Яков помнил, что когда учился в классе пятом-шестом, какие-то люди пришли вечером к отцу убеждать эмигрировать в Израиль. Их беседа продолжалась довольно долго, часа полтора, приглушённые кухонной дверью голоса периодически взрывались раздражительным фальцетом. Вдруг дверь распахнулась, отец вышел и произнёс слова, которые Эстерман-младший запомнил на всю жизнь и впоследствии часто использовал, чтобы подчеркнуть свою абсолютную космополитичность: «Среди евреев не встречал ни одного умного мужчины и ни одной красивой женщины. Моя жена — исключение!..»

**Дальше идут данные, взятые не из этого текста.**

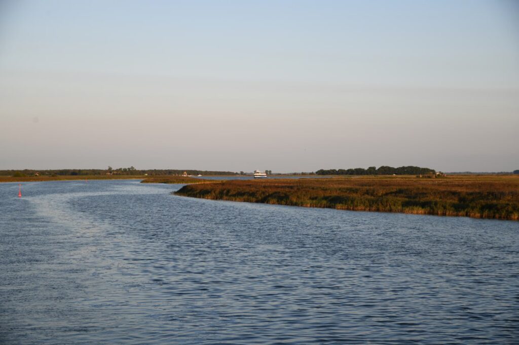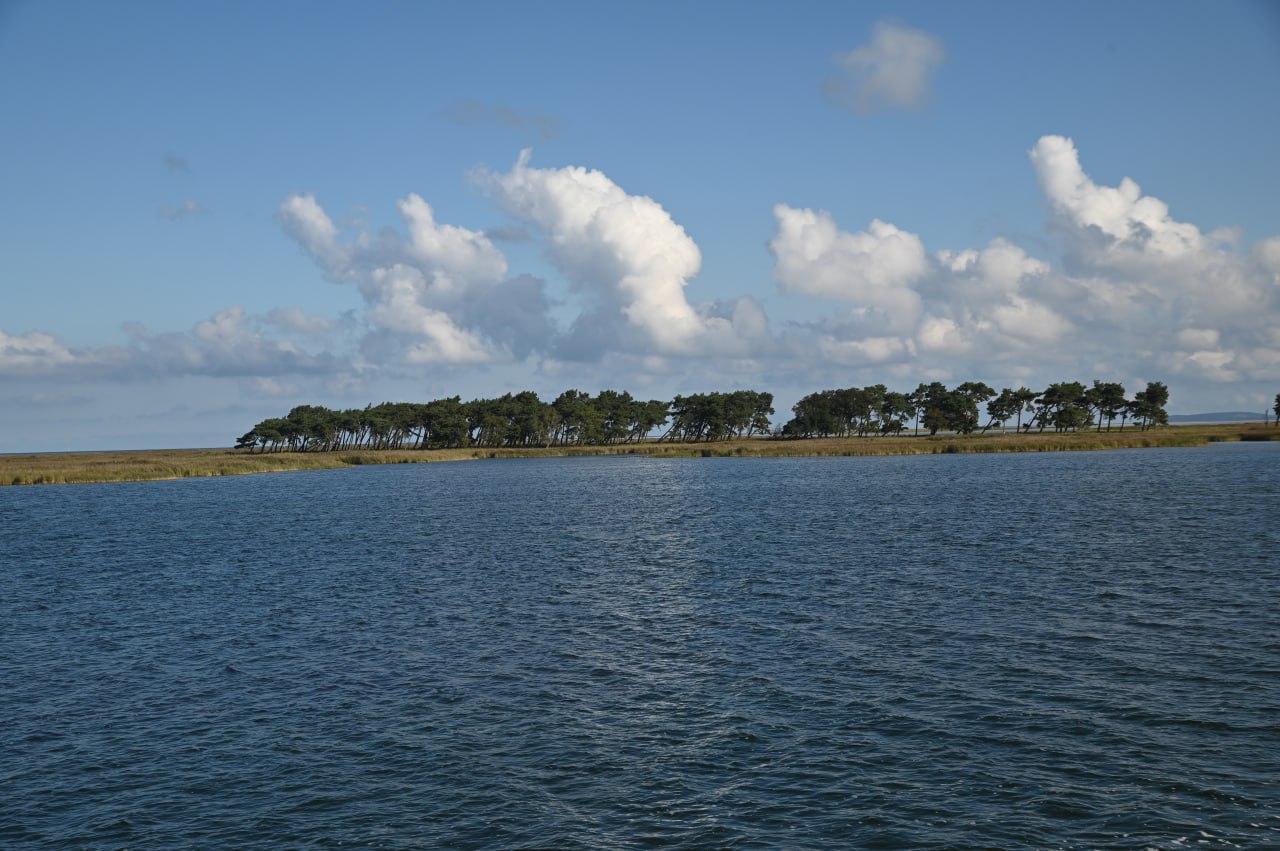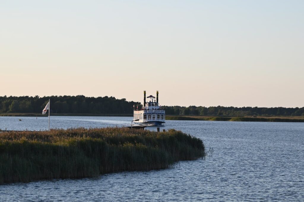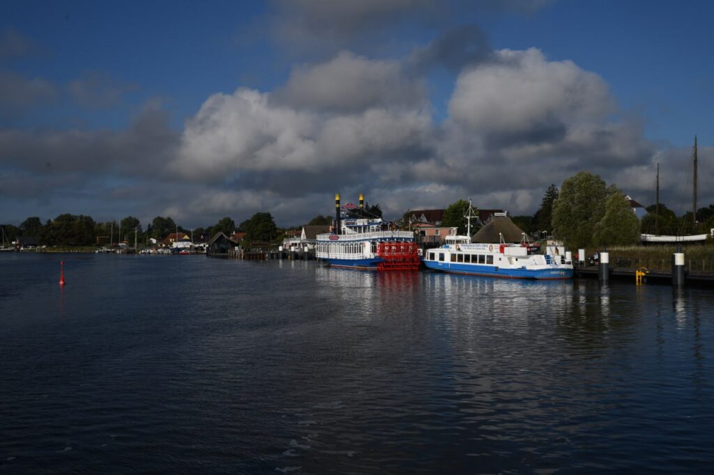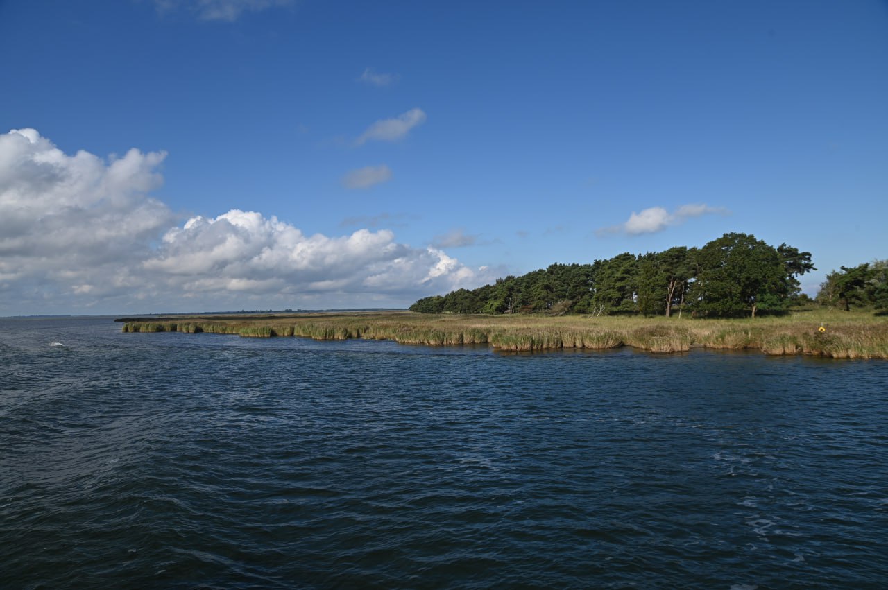 Heute morgen ging es wieder früh los – wir mussten ein Schiff nach Stralsund erwischen. Also haben wir und nur schnell angezogen, die Zähne geputzt, Brötchen fürs Frühstück geholt (und geschmiert) – und dann gings auch schon los (die Rucksäcke hatten wir gestern abend schon gepackt). Um halb 9 waren wir dann am Hafen in Zingst, wo um 9 Uhr unser Boot nach Stralsund ablegen sollte. Es war nicht so viel los, so dass wir problemlos Sitzplätze auf dem oberen Deck bekommen haben und einer gemütlichen Fahrt durch die Boddenlandschaft entgegen sehen konnten.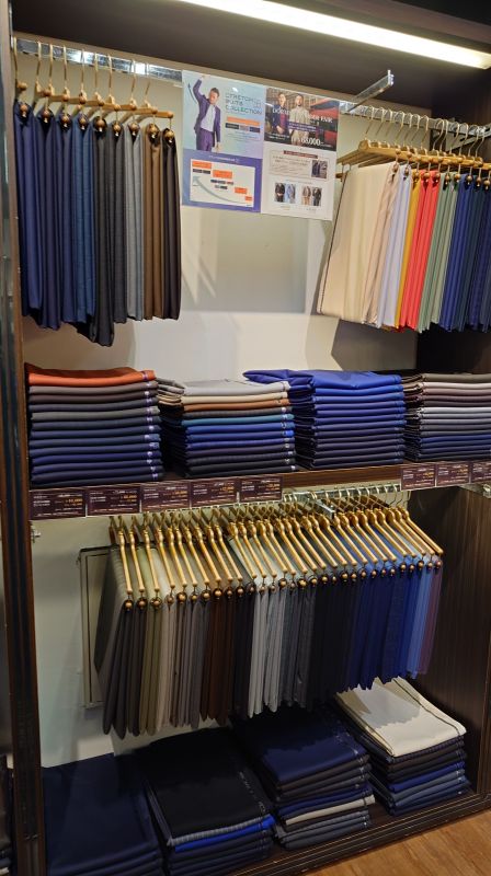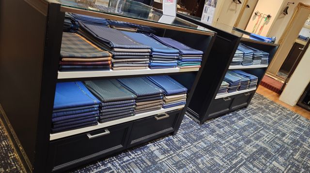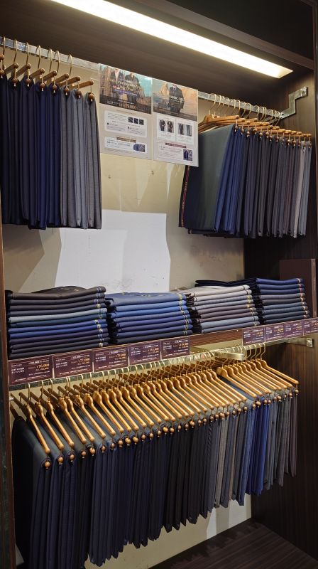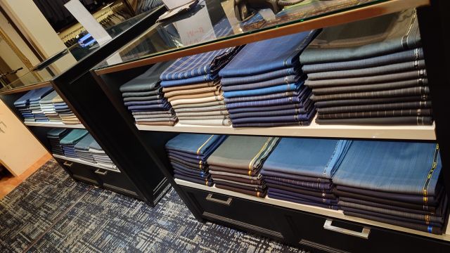 弊社は大きく生地をカットし店頭に置いているので、よりスーツの仕立て後のイメージが付きやすくなっております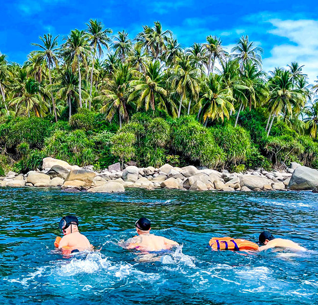 - HDV đưa đoàn đến bến tàu, bắt đầu chương trình tham quan câu cá và lặn ngắm san hô. Tàu đưa du khách đến những bãi đá san hô tuyệt đẹp, có thể lặn bắt nhum, thả cần câu câu cá, mực, bơi lội giữa làn nước biển trong xanh, vừa tự do, vừa hoang dã, khiến quý khách thích trải nghiệm và khám phá thiên nhiên càng thêm thích thú. Tại đây, quý khách sẽ được trải nghiệm thêm dịch vụ chèo thuyền SUP.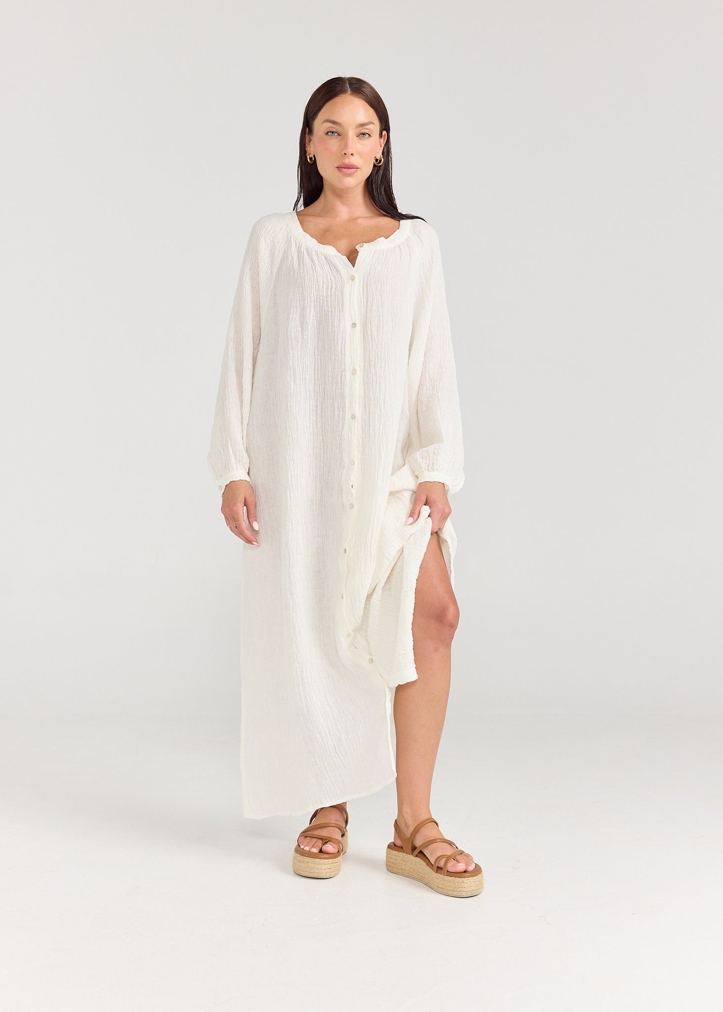 Our newest fabrication & style. Our stunning crinkle linen is a must have this summer. The Sienna dress flowers beautifully for an every day dress. Over bathers, dressed up for lunch or brunch.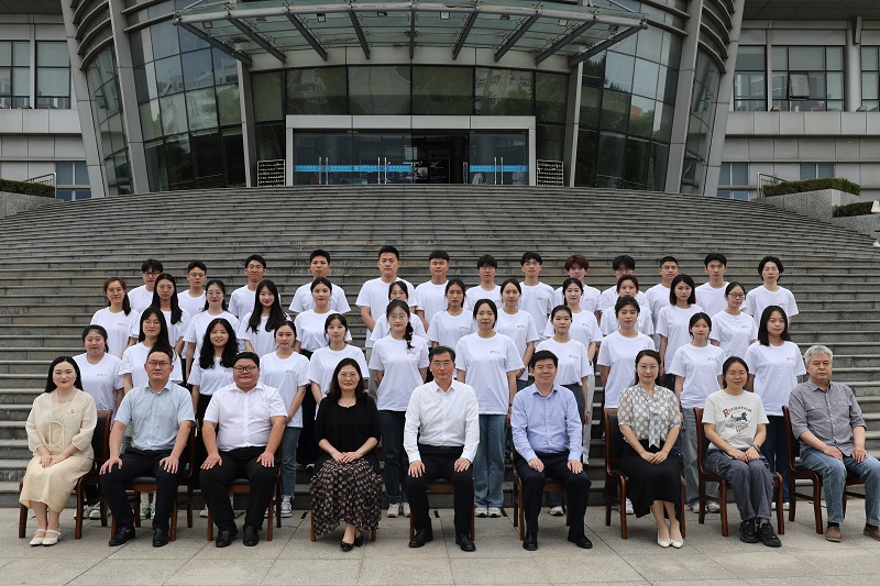 图为与会领导与毕业生代表合影留念。记者 唐瑀 摄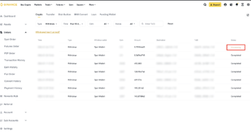 登录币安账户,将鼠标悬停在钱包图标上,然后点击【订单】-【钱包历史】查看您的加密货币提现记录。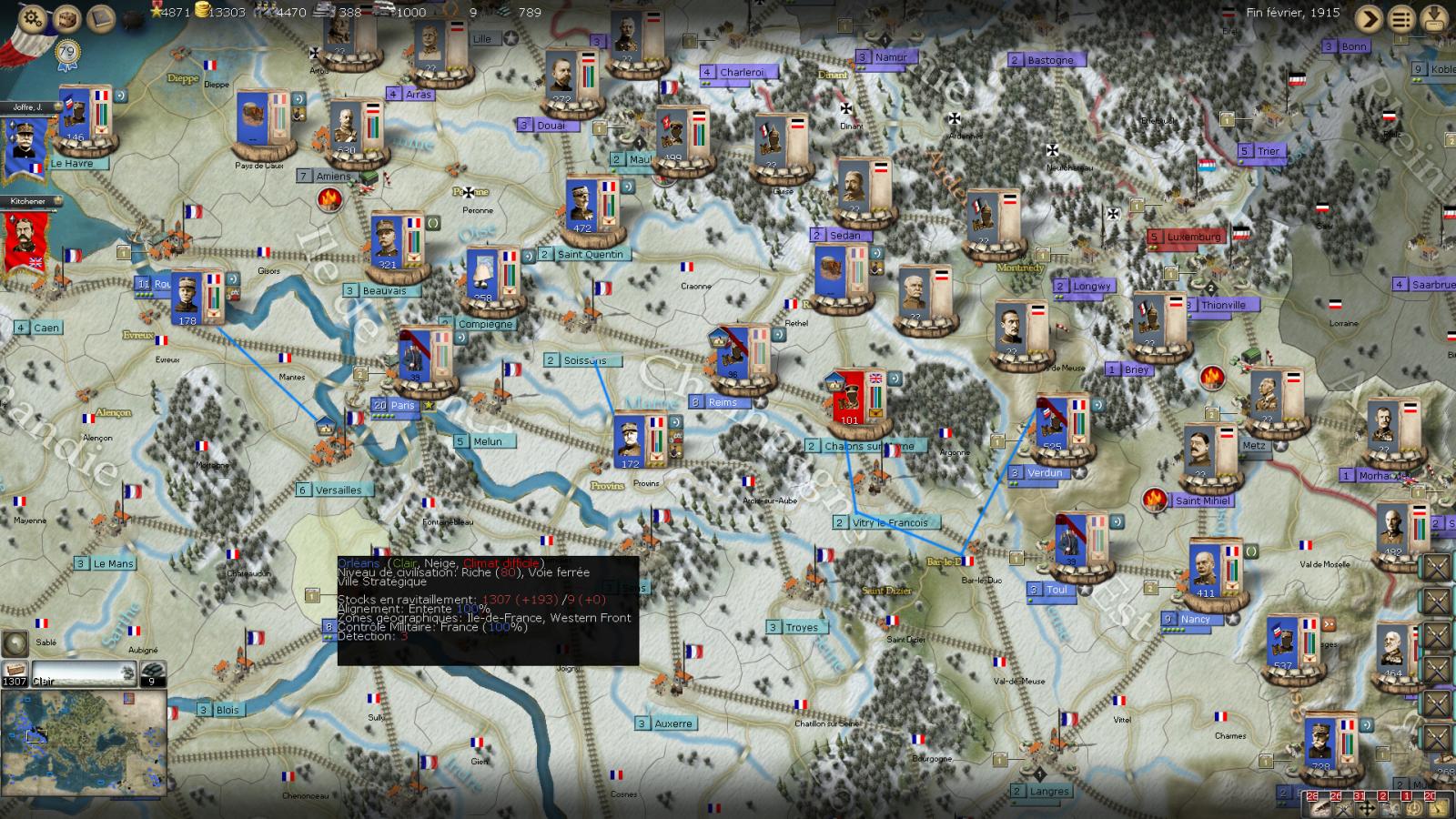 Hardly any troops left in France (look where their strongest stack is, at their extreme right flank), I exect due to suicidal attacks on Metz. What I thought to be British troops (in Flanders and at the centre of the French "Front") are actually mostly Belgians under British command.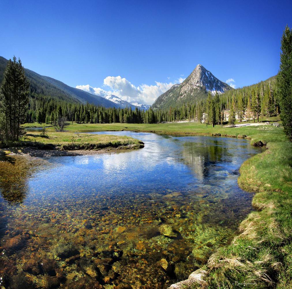 Looking SSE down Lyell Canyon along the Lyell Fork of the Tuolumne River to Potter Point on the right and Donahue Pass in the far distance at center. California, Sierra Nevada Mountains, Yosemite National Park, Lyell Canyon. John Muir Trail Mile 029.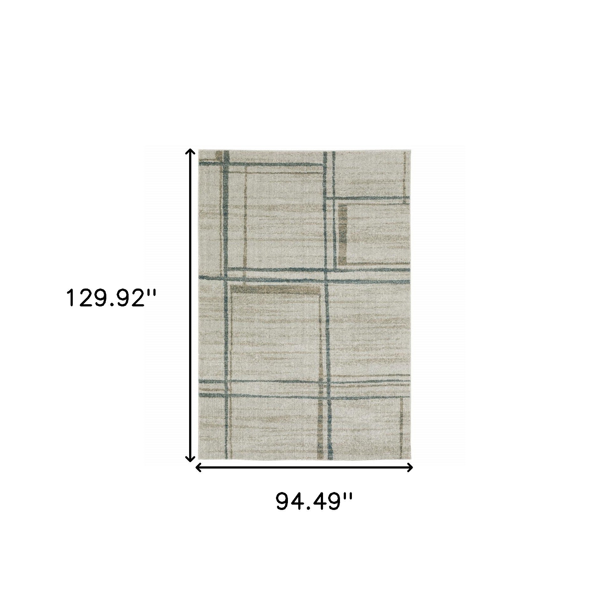 8' X 11' Grey Teal Beige And Tan Geometric Power Loom Area Rug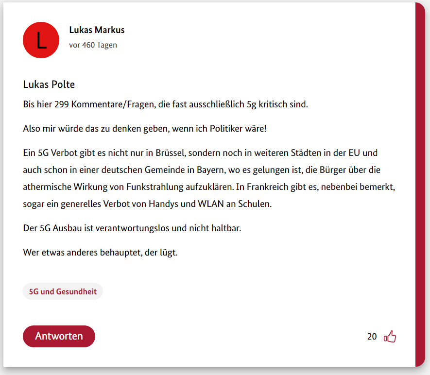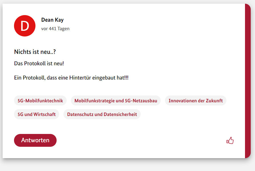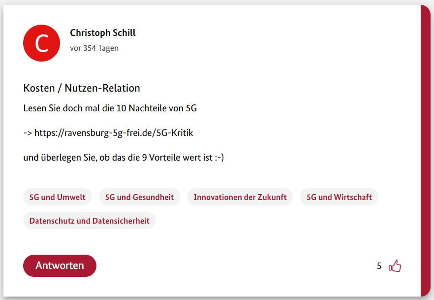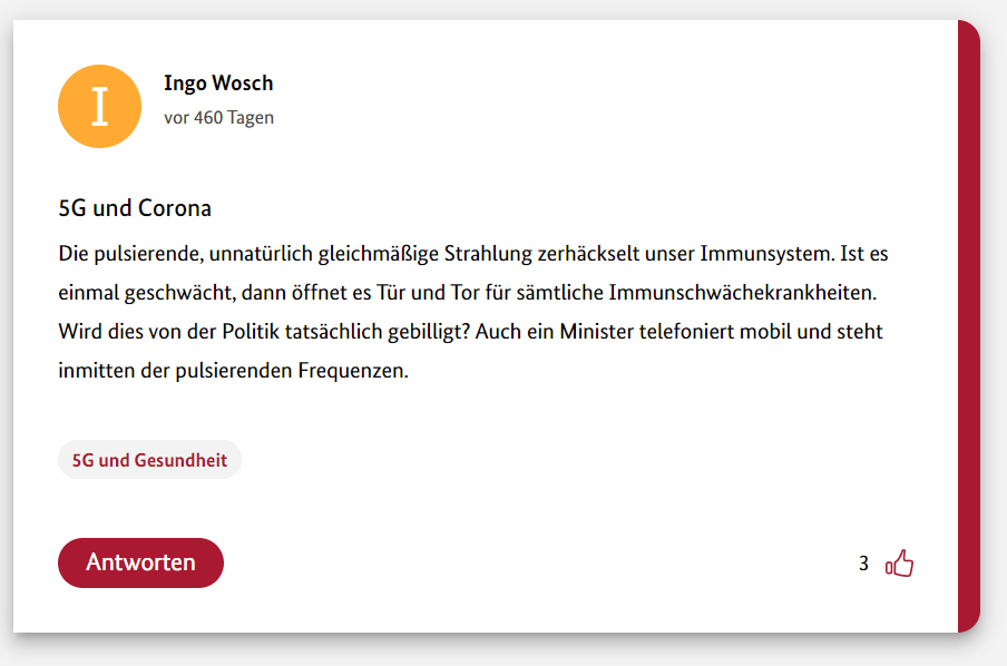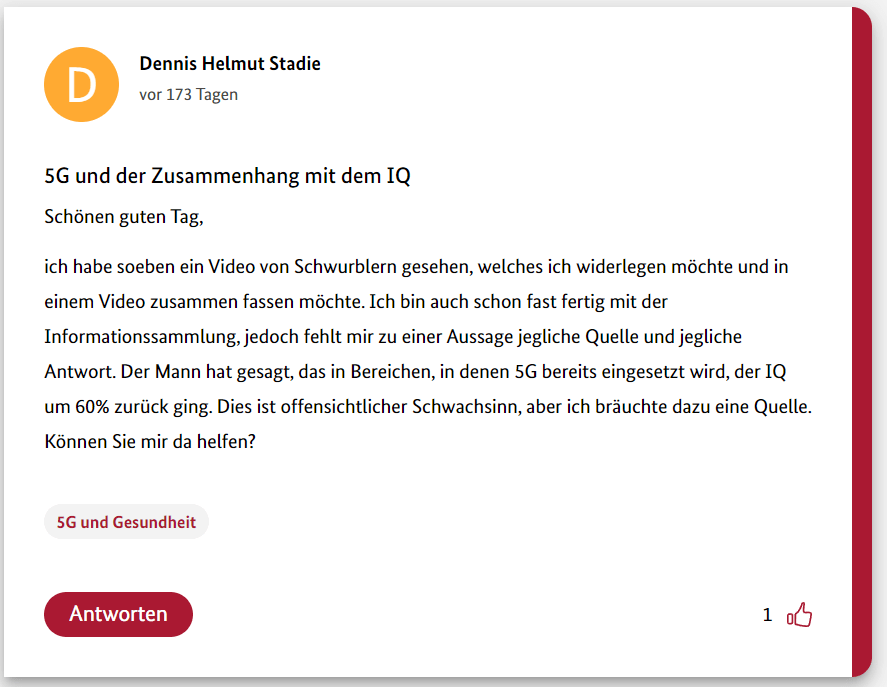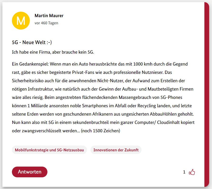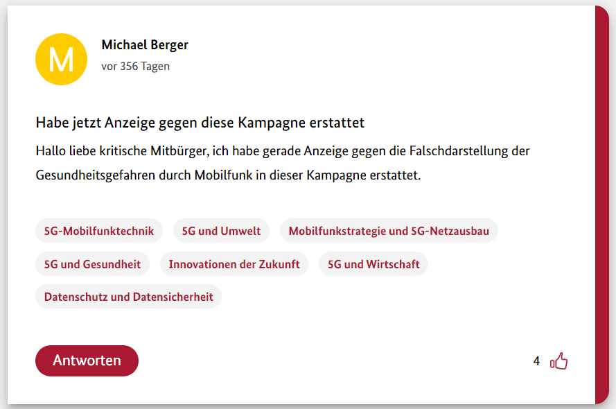 Hier also der achte Teil meiner 12-teiligen Reihe über die Schwurbler im 5G-Forum der Bundesregierung.

Он взял указку, зажмурил глаза и ткнул её в карту.
— Отец яблок. Так примерно звучит в переводе. Хороший город. Народ хлебосольный…
Яков повернулся. В дверях стоял замкомбата капитан Никонов.
— Я говорю — хороший город Алма-Ата. После дембеля туда собираешься? — спросил капитан.
Этот капитан Никонов был своеобразный человек. Пожалуй, даже странный. Уже одно наименование его должности — заместитель командира строительного батальона по вооружению — вызывало гомерический хохот у новобранцев. «И где же боезапас к кирке? А лопату с какого конца заряжать?» — были любимые шуточки после отбоя, когда казарма, отгоготавшись, мирно засыпала после трудового дня. Никонову было лет тридцать пять, так что в капитанах он явно засиделся. Говорили, что капитан то ли из женщины, то ли по пьяни застрелил в далёком гарнизоне большого начальника. И что его спас от суда и спрятал в стройбате генерал из Москвы, с которым они когда-то вместе защищали Родину в Анголе или в Лаосе или ещё в какой тропической дыре. Капитан был сухонький, невысокого роста, но Яков лично наблюдал, как в станционной пивной он почти что одним мизинцем разметал пятерых бугаев, не выпуская из правой руки кружку.
— Азиаточки там чудо, — сказал капитан. — Зимой малахаи свои надвинут на самые брови, а глаза-бусинки так и сверкают. Поезжай, не пожалеешь…
Ответ от отца пришёл через месяц. Сухая выжимка из письма была такова:
Прапорщик еврей это примерно то же, что негр Папа Римский, хотя и не запрещено. Но ты уже человек взрослый, так что решай сам. При первой же возможности приезжай домой, поскольку мать всё-таки обиделась.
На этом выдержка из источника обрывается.